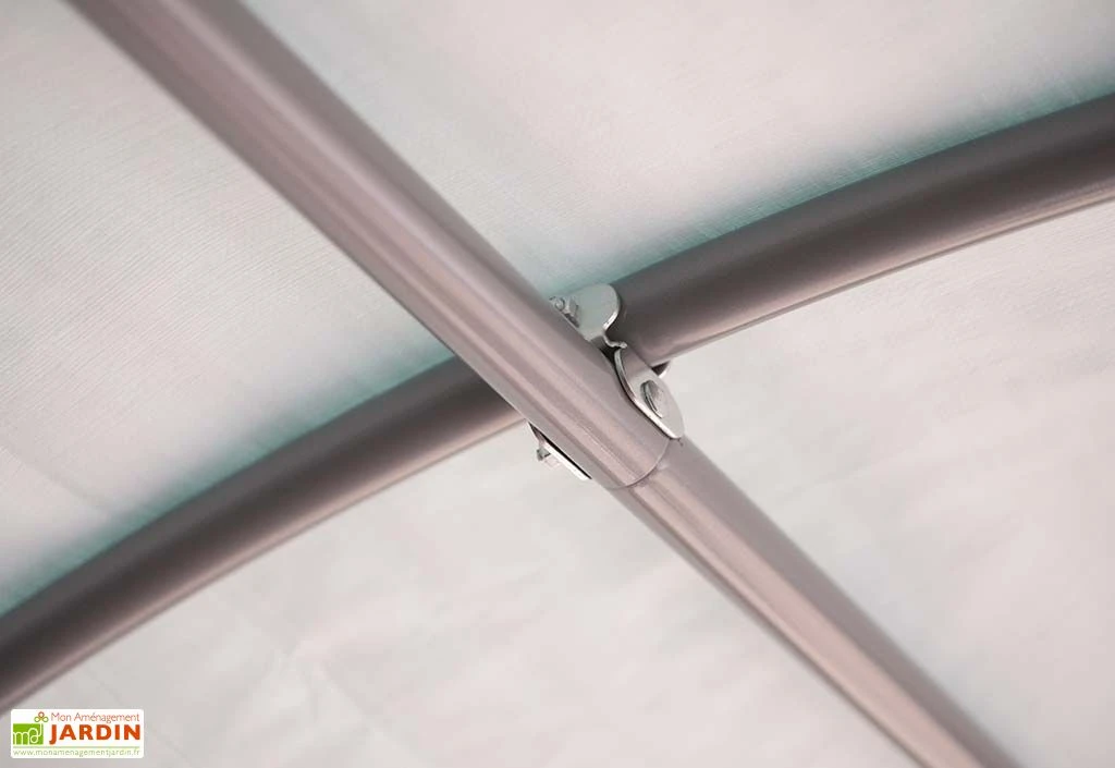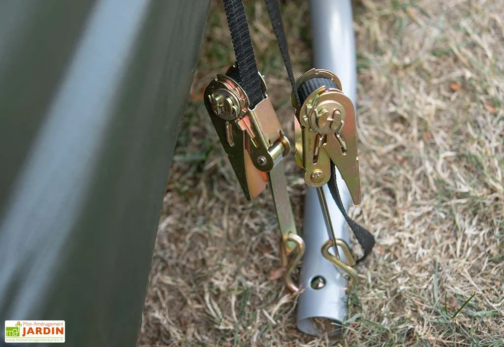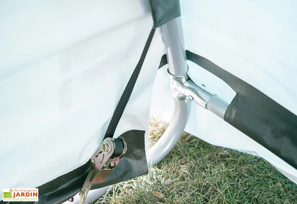 La bâche qui équipe ce garage souple est soutenue par une structure en acier de 3,5 cm d’épaisseur traitée de sorte à ne pas craindre la rouille. L’ensemble témoignera donc d’une belle résistance face aux agressions extérieures et ne vous demandera aucun entretien particulier. La fixation de la bâche à l’armature se fera grâce aux huit sangles d’arrimage également incluses.
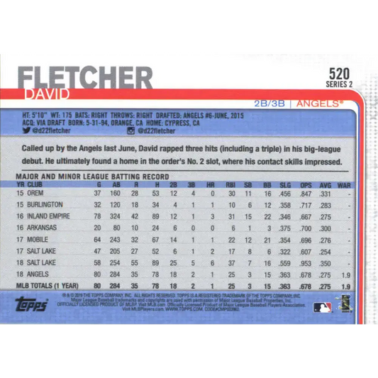 2019 Topps #520 David Fletcher NM-MT RC Rookie Los Angeles Angels Baseball Card
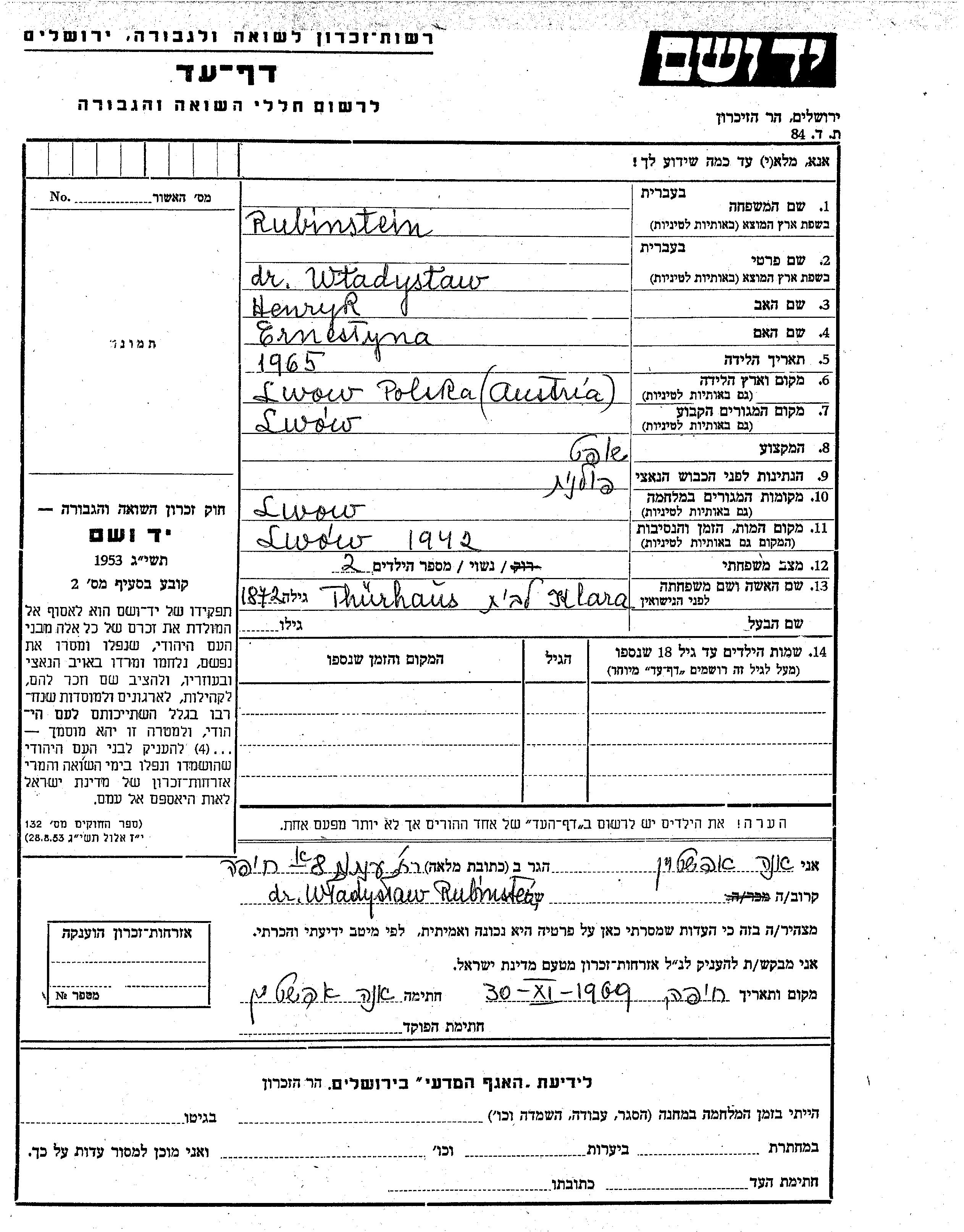 Др. Владислав Рубинштайн, место рождения: Львов, Польша. Отец: Хенрик, mать:Эрнестына. Судья. Женат / замужем. Место жительства до войны: Львов, Польша. Место во время войны: Львов, Польша.
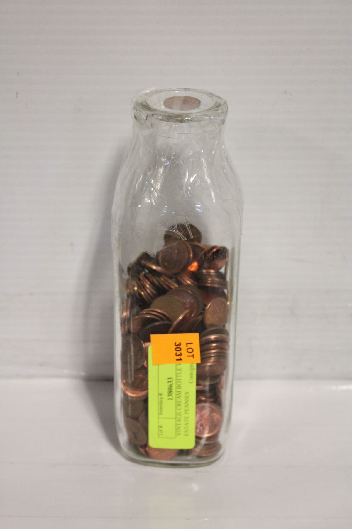 VINTAGE CREAM BOTTLE W/ ESTATE PENNIES
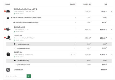 Megnéztem durva, tényleg működik. Valószínűleg a 8 nm Meki csomagban amihez a v2 pedál jár úgy van beállítva hogy eleve 299 a dd + boost táp, (199.9+99.9) és ezért ott a rendszer nem látja hogy az egy 199-es dd ezért ha mellé raksz egyet még 349-ert akkor arra el lövi a -150 eurót... Vicces.
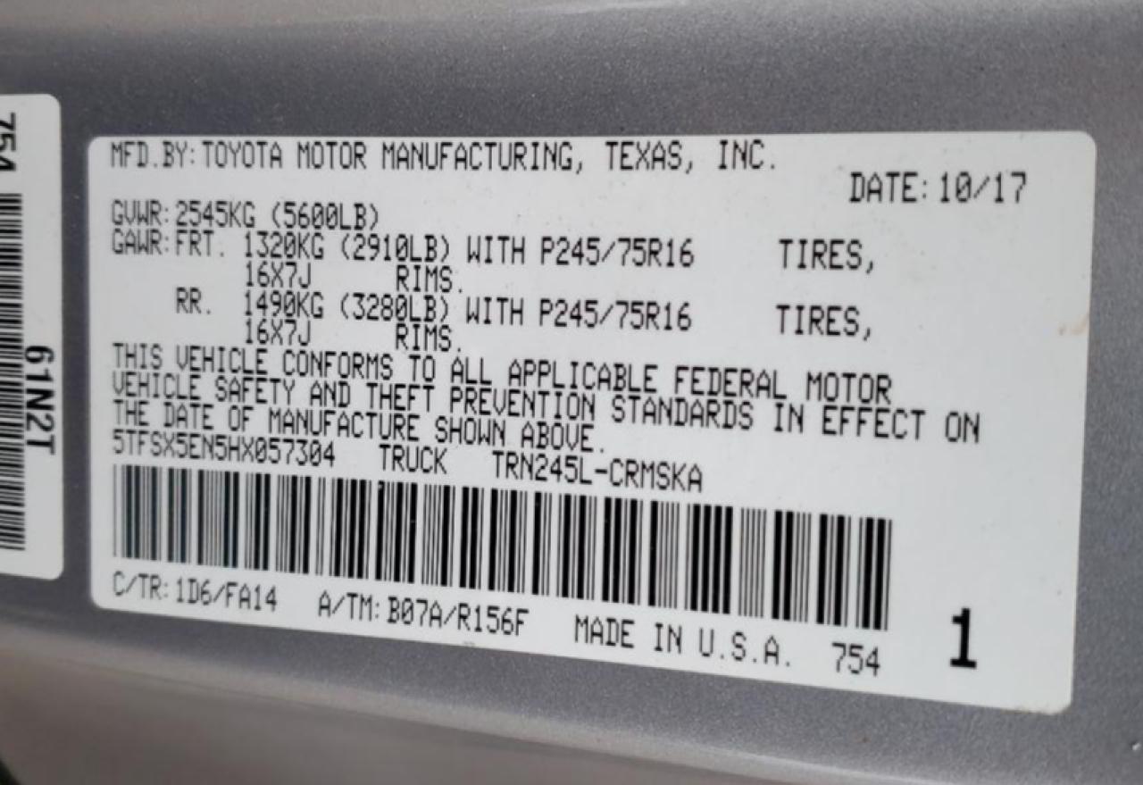 TOYOTA TACOMA 2.7 2017 г.в., 4x4 с задним приводом (5TFSX5EN5HX057304) из США
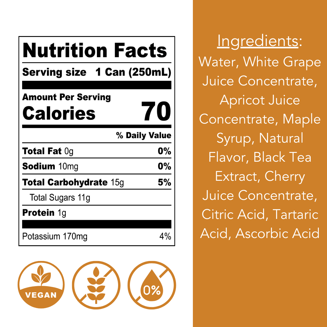 Water, White Grape Juice Concentrate, Apricot Juice Concentrate, Maple Syrup, Natural Flavor, Black Tea Extract, Cherry Juice Concentrate, Citric Acid, Tartaric Acid, Ascorbic Acid
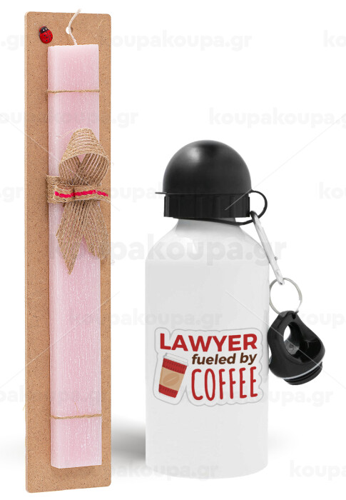 Lawyer fueled by coffee, Easter Set, metallic aluminum bottle (500ml) & aromatic flat Easter candle (30cm) (PINK)
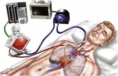 通俗地講,ECMO是體外生命支持(ECLS)的一種方式。主要工作方式是,通過將體內血液引出經過體外的膜肺和血泵再輸回體內,通過使用人工膜肺和人工泵替代心肺,讓心和肺得到休息,並維持機體所需的氧和血流,實現對急性呼吸或循環衰竭患者進行全部或部分的有效生命支持,為心肺功能的恢復贏得寶貴的時間。ECMO的出現使許多危重症的搶救成功率明顯上升,因此它一般出現在各種傳統治療方法難以將患者從生死線上挽回的場景。
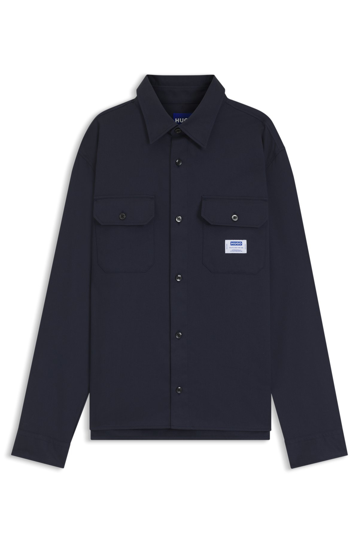 SIZE AND FIT The model wears a size M and is 6'2" tall with a, 35" chest, 27" waist and 35" hips. DETAILS Ekynone - 50520001 A signature shirt by HUGO Menswear, featuring a special logo label. Crafted in cotton twill, this piece is topped with a Kent collar. Oversized fit Kentkragen Flap chest pockets Barrel cuffs Short length Fit back length: 72 cm (28 inches) QUALITY & CARE INSTRUCTIONS Do Not Tumble Dry Quality: 100% Cotton Iron Low Heat Do Not Bleach Machine Wash Cold Do Not Dry Clean
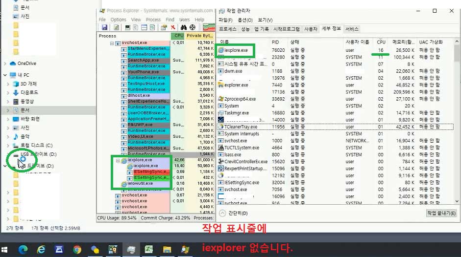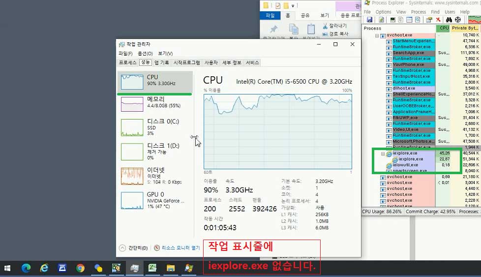 인터넷 익스플로러를 실행하지 않았으나 작업 관리자에 iexplore.exe가 떠있습니다.

········

**EXERCISE BRIEF**
Copy the entire listing exactly but skip the pictures.

**PROBLEM SOLUTION**
 La bâche qui équipe ce garage souple est soutenue par une structure en acier de 3,5 cm d’épaisseur traitée de sorte à ne pas craindre la rouille. L’ensemble témoignera donc d’une belle résistance face aux agressions extérieures et ne vous demandera aucun entretien particulier. La fixation de la bâche à l’armature se fera grâce aux huit sangles d’arrimage également incluses.
 2019 Topps #520 David Fletcher NM-MT RC Rookie Los Angeles Angels Baseball Card
 Др. Владислав Рубинштайн, место рождения: Львов, Польша. Отец: Хенрик, mать:Эрнестына. Судья. Женат / замужем. Место жительства до войны: Львов, Польша. Место во время войны: Львов, Польша.
 VINTAGE CREAM BOTTLE W/ ESTATE PENNIES
 Megnéztem durva, tényleg működik. Valószínűleg a 8 nm Meki csomagban amihez a v2 pedál jár úgy van beállítva hogy eleve 299 a dd + boost táp, (199.9+99.9) és ezért ott a rendszer nem látja hogy az egy 199-es dd ezért ha mellé raksz egyet még 349-ert akkor arra el lövi a -150 eurót... Vicces.
 TOYOTA TACOMA 2.7 2017 г.в., 4x4 с задним приводом (5TFSX5EN5HX057304) из США
 Water, White Grape Juice Concentrate, Apricot Juice Concentrate, Maple Syrup, Natural Flavor, Black Tea Extract, Cherry Juice Concentrate, Citric Acid, Tartaric Acid, Ascorbic Acid
 Lawyer fueled by coffee, Easter Set, metallic aluminum bottle (500ml) & aromatic flat Easter candle (30cm) (PINK)
 通俗地講,ECMO是體外生命支持(ECLS)的一種方式。主要工作方式是,通過將體內血液引出經過體外的膜肺和血泵再輸回體內,通過使用人工膜肺和人工泵替代心肺,讓心和肺得到休息,並維持機體所需的氧和血流,實現對急性呼吸或循環衰竭患者進行全部或部分的有效生命支持,為心肺功能的恢復贏得寶貴的時間。ECMO的出現使許多危重症的搶救成功率明顯上升,因此它一般出現在各種傳統治療方法難以將患者從生死線上挽回的場景。
 SIZE AND FIT The model wears a size M and is 6'2" tall with a, 35" chest, 27" waist and 35" hips. DETAILS Ekynone - 50520001 A signature shirt by HUGO Menswear, featuring a special logo label. Crafted in cotton twill, this piece is topped with a Kent collar. Oversized fit Kentkragen Flap chest pockets Barrel cuffs Short length Fit back length: 72 cm (28 inches) QUALITY & CARE INSTRUCTIONS Do Not Tumble Dry Quality: 100% Cotton Iron Low Heat Do Not Bleach Machine Wash Cold Do Not Dry Clean
 인터넷 익스플로러를 실행하지 않았으나 작업 관리자에 iexplore.exe가 떠있습니다.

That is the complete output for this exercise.